Thursday, August 31, 2017

Estate Wall or a possible Qusukqaniyutôk? (Washington CT)

Or the first of a series of sketches before the 
12th Annual Native American-Archaeology Roundtable 
“Our Hidden Landscapes: Native American Stone Ceremonial Sites in the North American East"
to be held on:
Saturday, October 28, 2017
at
The Institute for American Indian Studies (IAIS)
38 Curtis Road
Washington, Connecticut  06793
(860) 868-0518

     You could say it’s a “massive stone wall,” large and heavy or solid, as in "a massive rampart of stone," “impressively large” as both Miriam and Webster put it when compared to the other rows of stones that are found on and around the grounds of the Institute for American Indian Studies in Washington CT, but that’s the word that comes to mind for me when looking at the Stone Structure to the right of the driveway leading to the Research Building where the 12th Annual Native American-Archaeology Roundtable will be held on Saturday, October 28, 2017. The event is being called “Our Hidden Landscapes: Native American Stone Ceremonial Sites in the North American East" but the “wall” is hardly hidden, showing up on the Google Earth image below.
   Drawing a line for a path, I was just a little surprised to find the segment is about a quarter mile long – 404 meters or 1,327 feet, about 442 yards long if I trust the dialogue box that pops up when I use that feature.
   I wrote a little bit about this “stone wall” a few years back, noting that there were apparently capstones on top of this structure, http://wakinguponturtleisland.blogspot.com/2014/11/capstones-defined-sort-of.html, but as the little sketch shows (I hope) there’s turtle imagery or iconography to be seen in some of the more intact “capstones.”



  What really changed my mind about this seeming “Estate Wall” was a gateway that, at least to me, seems to recall other Great Serpent Gateways, as I call them.
(Note the stone heaps above)
(Closer view with life-sized human dummy for scale)

(Enhanced and labelled  LiDar View)
   Take into consideration as well the adjoining rows that form a rectangular area enclosed by similar massive “walls,” and you may begin to think of this wall as a possible qusukqaniyutôk or ‘stone row, enclosure’ as Doug Harris and Paul A. Robinson put it in “Ancient Ceremonial Landscape and King Philip’s War” (Northeast Anthropology  2015:140).

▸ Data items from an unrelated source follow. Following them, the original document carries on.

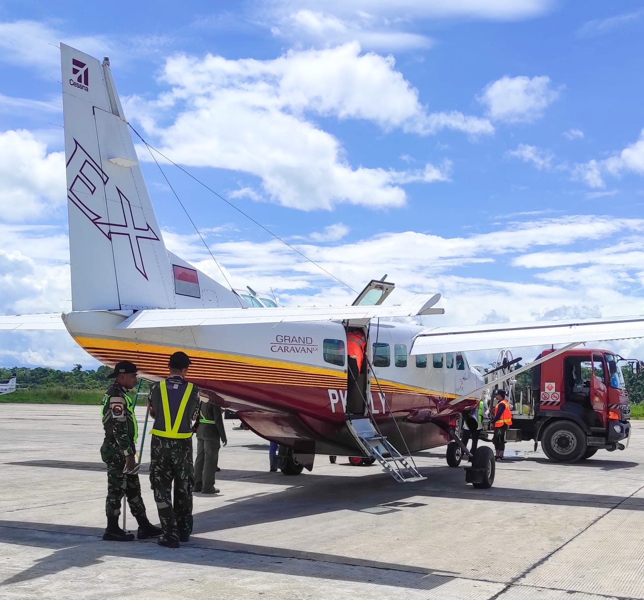 Dari Timika, kami tidak lagi menggunakan pesawat jet besar. Kami harus berganti ke pesawat Karavan, sebuah pesawat perintis mungil yang hanya mampu memuat empat hingga lima penumpang saja.
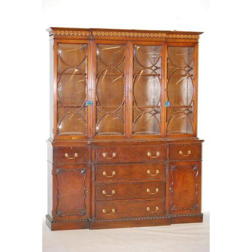 20TH CENT. CUSTOM CHIPPENDALE BUTLERS BREAKFRONT- MAHOGANY W/ 4 GLASS OVAL GLAZED DOORS OVER FALL FRONT BUTLERS DESK W/ 2 SHORT & 3 LONG DRAWERS & 2 CUPBOARD DOORS W/ BRASS HARDWARE (82" T X 66" W X 16" D) - WEAR, DESK FRONT REPAIRS, IMPERFECTIONS
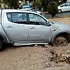 Atatürk Bulvarı DSİ Kavşağı yakınlarında servis yolunda yapılan alt yapı çalışmaların gerçekleştirildiği yeri kullanmak isteyen sürücüsü öğrenilemeyen 02 HC 327 bir kamyonet sürücüsü biri kaç gündür aşırı yağıştan dolayı kamyonet çamura battı.

Please note that Harris and Robinson will be speaking at this Roundtable event – and that I haven’t actually read what they wrote but did see that Rolf Cachat-Schilling makes reference to the work in “A Quantitative Assessment of Stone Relics in a Western Massachusetts Town” (2016 Massachusetts Archaeological Society) which you can find here:
    


Elaine Thomas (Mohegan) will also be speaking at the event and I have to remember to ask her about this photo and the similarities of these stone structures with those "Toot Stones."